--- RECORD EXTRACTS ---
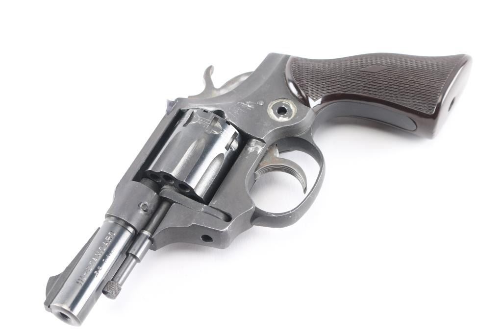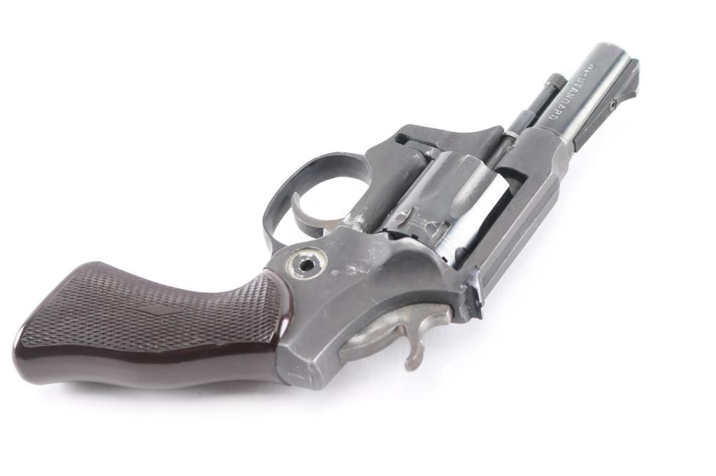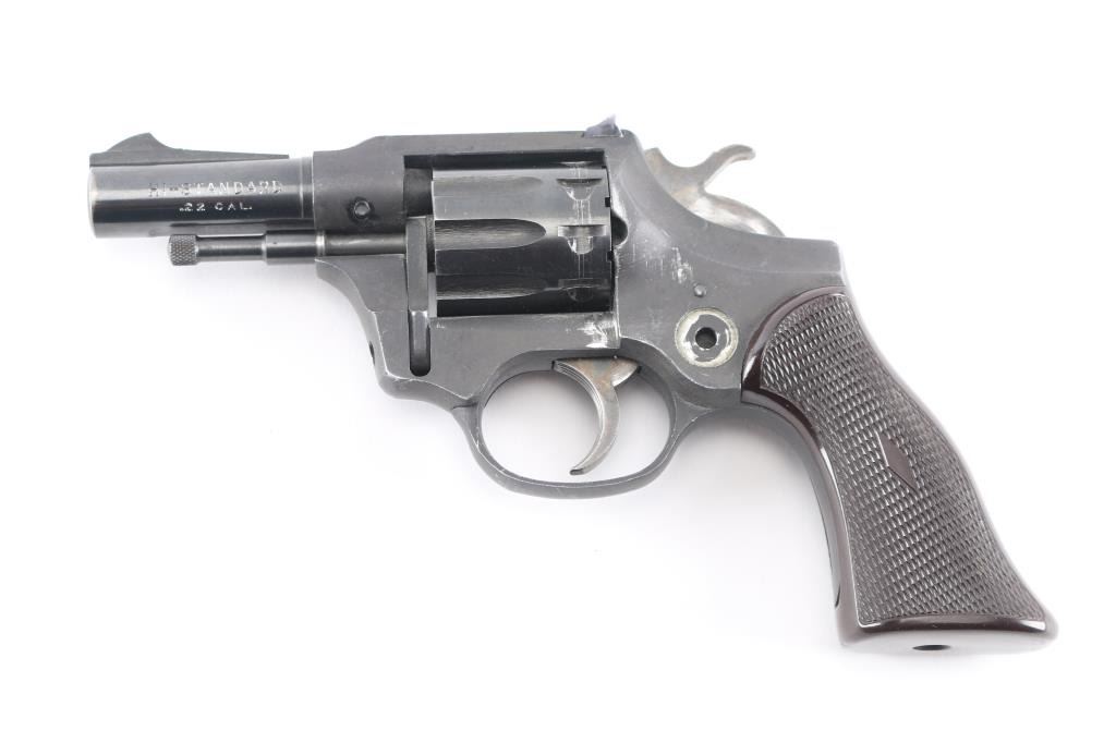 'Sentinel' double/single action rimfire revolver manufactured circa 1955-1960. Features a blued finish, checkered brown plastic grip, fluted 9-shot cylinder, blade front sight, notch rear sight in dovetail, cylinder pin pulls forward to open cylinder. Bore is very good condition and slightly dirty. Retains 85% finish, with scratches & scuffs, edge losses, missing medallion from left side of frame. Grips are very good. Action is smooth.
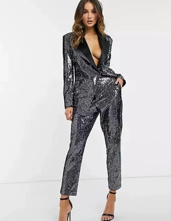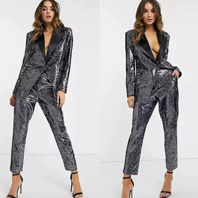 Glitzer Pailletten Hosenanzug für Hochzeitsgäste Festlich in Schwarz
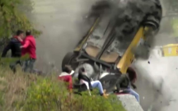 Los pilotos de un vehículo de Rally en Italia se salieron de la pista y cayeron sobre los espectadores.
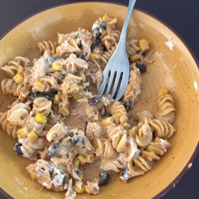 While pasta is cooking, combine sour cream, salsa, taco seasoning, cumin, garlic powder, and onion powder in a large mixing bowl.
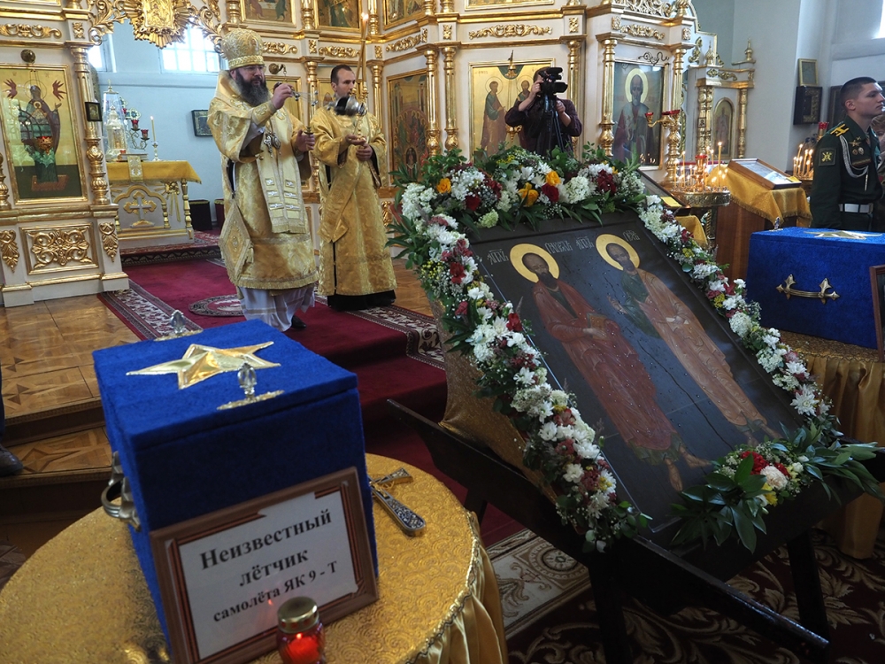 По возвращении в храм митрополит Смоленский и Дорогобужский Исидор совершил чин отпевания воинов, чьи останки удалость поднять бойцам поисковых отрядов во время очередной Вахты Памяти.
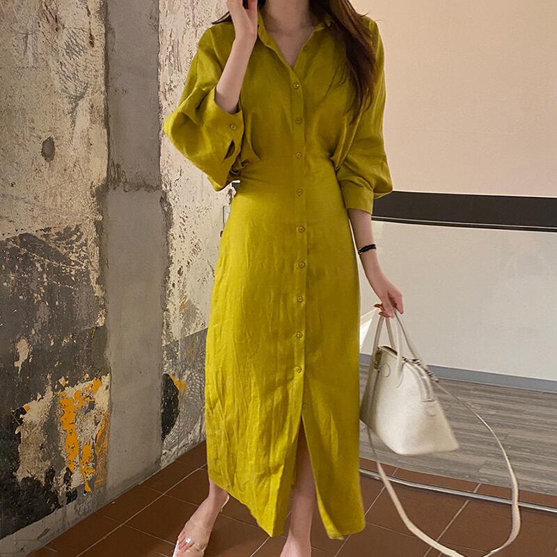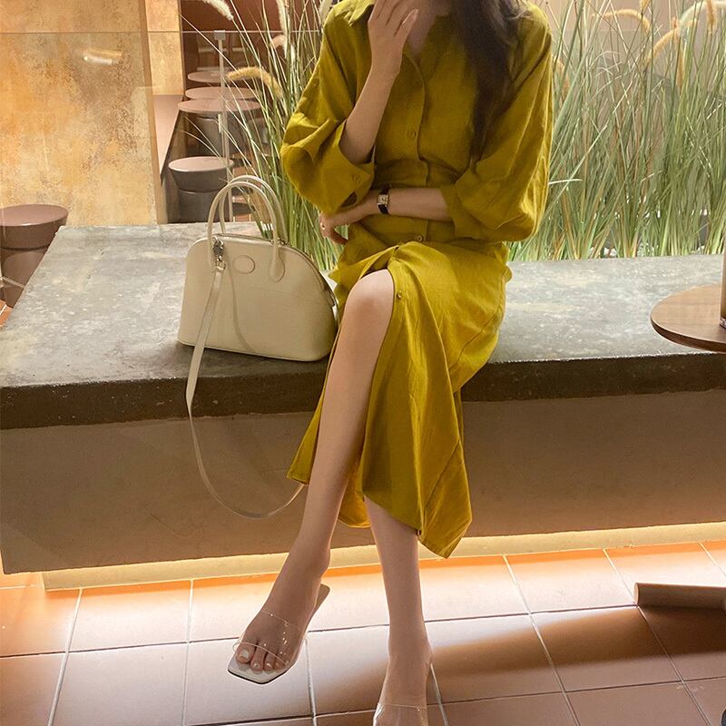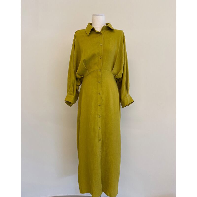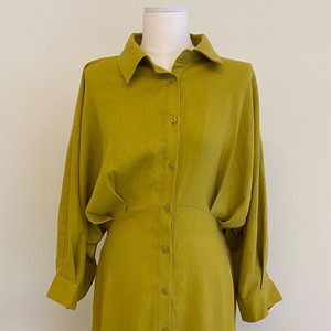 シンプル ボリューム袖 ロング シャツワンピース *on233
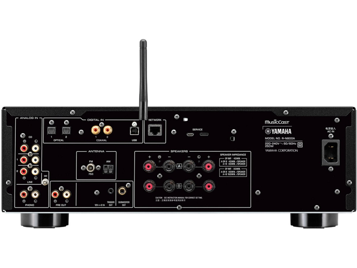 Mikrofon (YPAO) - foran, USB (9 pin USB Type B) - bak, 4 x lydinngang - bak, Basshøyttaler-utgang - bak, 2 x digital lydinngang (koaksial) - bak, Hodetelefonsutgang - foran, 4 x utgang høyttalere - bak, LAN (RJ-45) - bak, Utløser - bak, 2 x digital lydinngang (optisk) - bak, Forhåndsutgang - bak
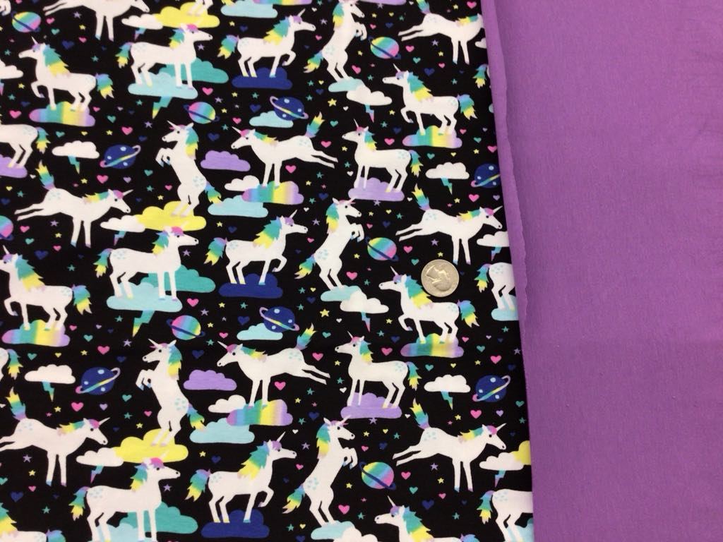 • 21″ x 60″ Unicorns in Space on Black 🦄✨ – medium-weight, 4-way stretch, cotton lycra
---
* _REQUIRED ACTION_:
Write out the lines that run from the line containing "По возвращении в" to the end of the entries, inclusive, exactly as written. Skip every picture.

* _REPLY_:
 По возвращении в храм митрополит Смоленский и Дорогобужский Исидор совершил чин отпевания воинов, чьи останки удалость поднять бойцам поисковых отрядов во время очередной Вахты Памяти.
 シンプル ボリューム袖 ロング シャツワンピース *on233
 Mikrofon (YPAO) - foran, USB (9 pin USB Type B) - bak, 4 x lydinngang - bak, Basshøyttaler-utgang - bak, 2 x digital lydinngang (koaksial) - bak, Hodetelefonsutgang - foran, 4 x utgang høyttalere - bak, LAN (RJ-45) - bak, Utløser - bak, 2 x digital lydinngang (optisk) - bak, Forhåndsutgang - bak
 • 21″ x 60″ Unicorns in Space on Black 🦄✨ – medium-weight, 4-way stretch, cotton lycra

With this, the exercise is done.